How Placebo Surgery Experiments Challenged Orthopedic Medicine

The 2002 Moseley sham surgery trial showed arthroscopic knee surgery worked no better than placebo. Explore the ethics, evidence, and billions in unnecessary procedures.

The InfoNexus Editorial TeamMay 20, 20269 min read

180 Patients, Three Incisions, and No Difference

In 2002, orthopedic surgeon J. Bruce Moseley published a study in the New England Journal of Medicine that shook the foundations of one of the most common surgeries in the world. He randomly assigned 180 patients with osteoarthritis of the knee to one of three groups: arthroscopic debridement (smoothing damaged cartilage), arthroscopic lavage (flushing the joint), or sham surgery (three skin incisions with no instrument entry into the joint). Patients in the sham group received the same anesthesia, the same pre-operative preparation, and heard the same sounds—Moseley splashed saline and used instruments to simulate the procedure. None of the patients knew which group they were in.

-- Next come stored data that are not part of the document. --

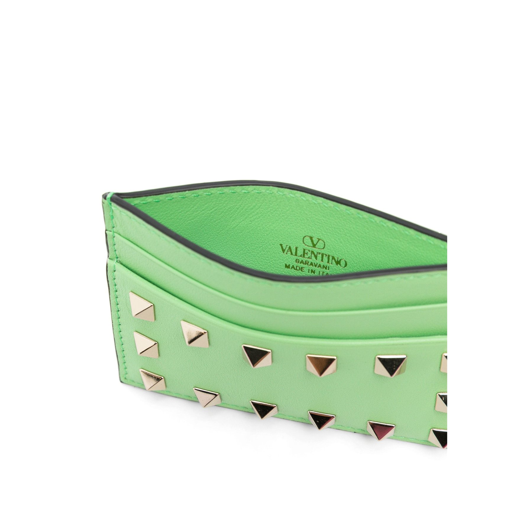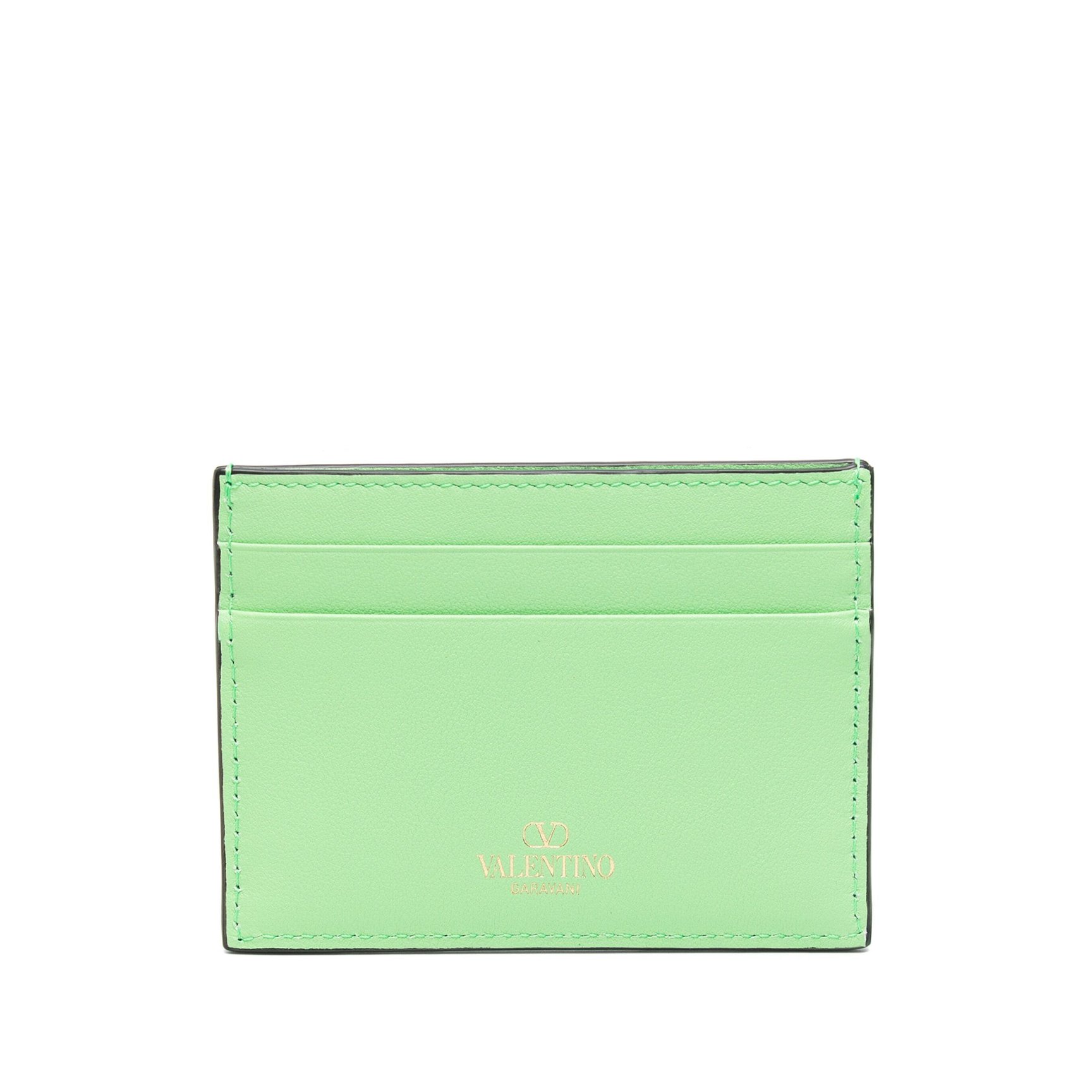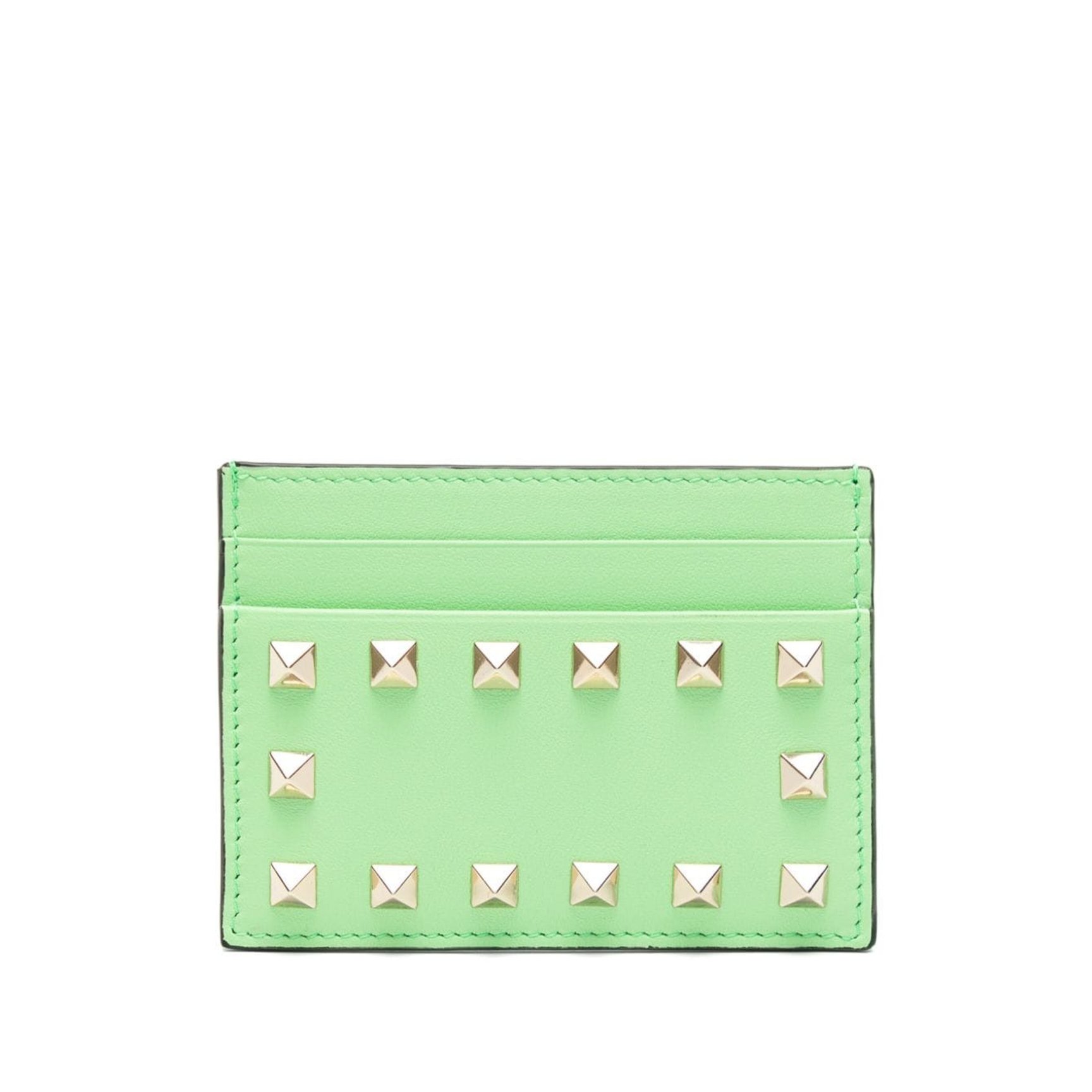 ネオングリーンとゴールドのロックスタッズが眩しい「ヴァレンティノ ガラヴァーニ(VALENTINO GARAVANI)」のミニケースは、カードスロットを表裏共に2つずつと、中央にパカッと開くフラットポケットを装備。輪郭が引き締まるブラックのコバ処理を施した、なめらかなカーフレザーで仕立てています。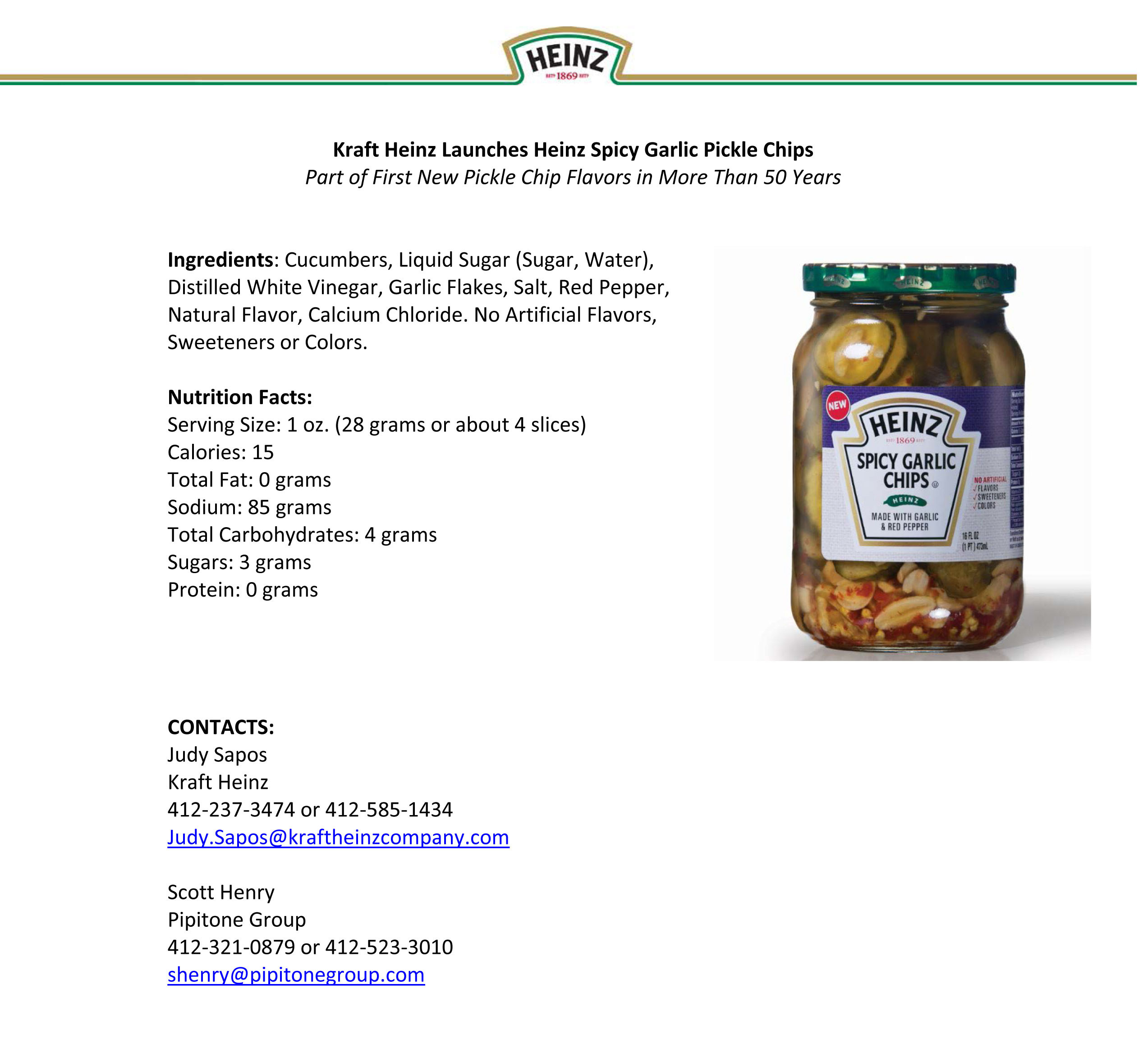 brine. Heinz Spicy Garlic Chips are made with real garlic and red pepper.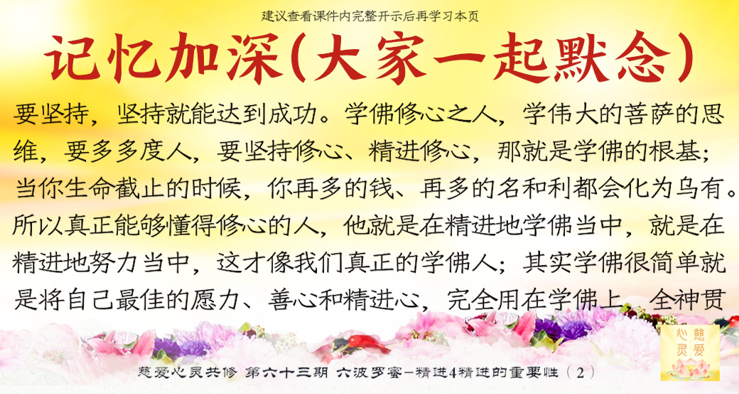 行善要及时,功德要持续,一个人几十年的生命,真正做人做事的时间很少很少,再勤劳的人也就做了自己一生的1/3呀!当你懂得人生真谛的时候,你会用你的智慧和毅力安排你的人生。这就是我们现在学佛人的人生,我们没有浪费,我们很开心。很多人不知道,一旦查出癌症了,医生告诉他只有三个月、六个月的时候,你知道他等于判死刑了,他才知道生命原来这么短给他。所以我们学佛人不可拖泥带水,前脚落地,后脚还不肯挪开呀。记住了,前脚落地,你后面那个脚就要忘掉它,赶紧往前走了。你的前脚就是你的今天,加紧脚步啊。你的昨天就是你的后脚,我们要把心专注在今天,而不能专注在昨天,否则你永远走不出来你的人生的坑坑洼洼的泥泞小道。所以要学会往前,精进努力学习,把自己的慈悲心修出来,把自己以快乐、慈悲、同情心、谅解心、容忍心、宽心、爱心、悲心全部修出来,把这些善良的像一朵一朵的莲花一样全部贡献给世人。让别人快乐的人你一定快乐,让别人难过的人你一定会伤心,你让别人瞋恨你一定会受苦。所以我们要学,我们真的要学,我们要制止自己心中的罪恶,我们要跟自己心中的恶念作斗争,积极地用善良的心念去改变自己。所以希望大家好好学佛,好好修心,希望大家能够在学佛当中认清人生的真谛,改变自己,让自己回到一个真我,学会真正地理解这个世界的真谛——那就是无常。
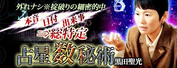 黒田聖光先生は、幼少の頃から占いや人々の人生の違いに興味を持ち、20代で東西の占いや運命学の研究を始めました。知人を鑑定する中でその的中率が評判となり、専業の占い師として活躍するようになりました。運命学だけでなく、心理学、霊的哲学、魔術、ヒーリングなど幅広い知識を学び、依頼者の幸せのために日々鑑定を行っています。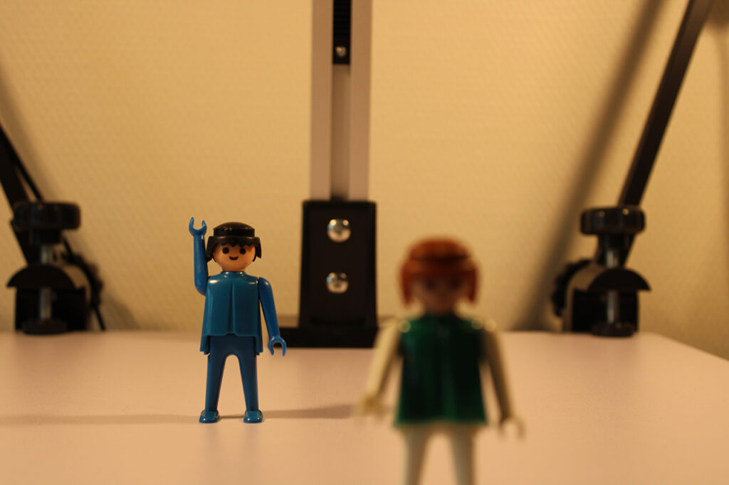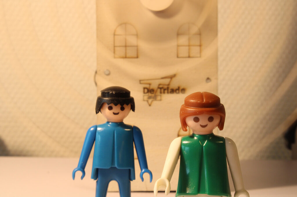 - Close-up van de poppetjes: het achterste poppetje scherp, het voorste onscherp.
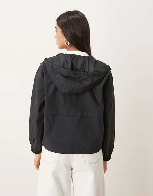 Ветровка выполнена в классическом черном цвете, который легко сочетается с любой одеждой. Капюшон на шнурке обеспечивает дополнительную защиту от ветра и дождя, а высокий воротник надежно защищает шею. Застежка-молния позволяет быстро и удобно надевать и снимать ветровку, а также регулировать степень защиты от непогоды.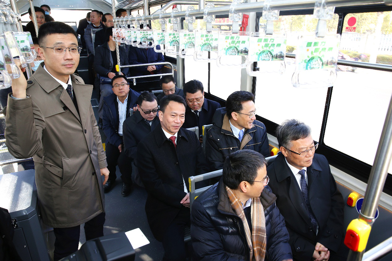 活动现场,常熟市委书记周勤第,市委常委、高新区党工委书记王建国,副市长史纲,高新区管委会副主任顾志强、蒋向阳,市交通运输局局长钱敏磊,上汽集团副总裁、总工程师、捷氢科技董事长祖似杰,捷氢科技总经理卢兵兵,苏州金龙党委书记、董事长陈笃廉,以及常熟市发改委、工信局、财政局和高新区相关部门领导出席交车仪式、参与剪彩,并一起试乘氢燃料公交。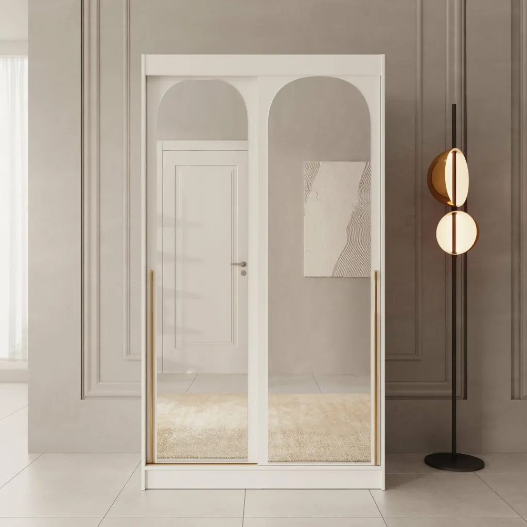 De Moniq kledingkast in wit heeft een frisse en neutrale uitstraling die goed past bij verschillende interieurstijlen. De twee schuifdeuren met spiegelpanelen zorgen voor extra licht in de kamer en laten de ruimte optisch groter lijken.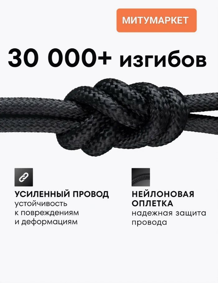 | Плюсы: | Качественная оплетка. Пропускает быструю зарядку. |

At every follow-up point over two years, all three groups reported the same level of pain relief and functional improvement. The sham surgery patients did just as well as those who received the real procedure. Arthroscopic surgery for osteoarthritis of the knee—performed over 650,000 times per year in the United States alone at the time—worked no better than a placebo.

Why Sham Surgery Trials Are So Rare

Drug trials routinely use placebos. Surgical trials almost never do. The reasons are ethical, practical, and cultural.

  • Surgery involves anesthesia, incisions, and infection risk—exposing control patients to these harms requires strong justification
  • Institutional review boards (ethics committees) are reluctant to approve sham procedures
  • Surgeons argue their skills cannot be "blinded" and that each case is unique
  • Patient recruitment is difficult—few volunteer for possible fake surgery
  • The surgical community has historically resisted placebo-controlled trials, viewing them as unnecessary

As a result, most surgical procedures enter widespread practice based on case series, observational studies, or comparison with non-surgical treatment—not placebo-controlled randomized trials. The Moseley study was one of the first to test a common orthopedic procedure against a true sham, and its results forced an uncomfortable question: how many other surgeries would fail the same test?

The Cascade of Sham Surgery Trials

The Moseley study opened the door. Over the next two decades, researchers applied the same methodology to other common procedures. The results were consistently surprising.

TrialYearProcedure TestedResult
Moseley et al.2002Arthroscopic debridement/lavage for knee osteoarthritisNo benefit over sham surgery (NEJM, n=180)
FIDELITY2013Arthroscopic partial meniscectomy for degenerative meniscal tearNo benefit over sham surgery (NEJM, n=146)
CSAW (Beard et al.)2018Subacromial decompression for shoulder impingementNo benefit over sham surgery (Lancet, n=313)
VAPOUR2018Vertebroplasty for osteoporotic vertebral fracturesNo benefit over sham injection (BMJ, n=120)
SIMPLIFY2023Spinal fusion for chronic low back pain (ongoing follow-up)Preliminary: minimal benefit over rehabilitation alone

The FIDELITY Trial—Meniscal Tears Under Scrutiny

The 2013 Finnish FIDELITY trial targeted an even more common procedure than the one Moseley studied. Arthroscopic partial meniscectomy—trimming a torn meniscus—is the single most performed orthopedic surgery worldwide, with over 700,000 procedures annually in the United States. The meniscus is the C-shaped cartilage pad that cushions the knee joint. Tears in the meniscus are extremely common in middle-aged and older adults, often found incidentally on MRI scans of patients with knee pain.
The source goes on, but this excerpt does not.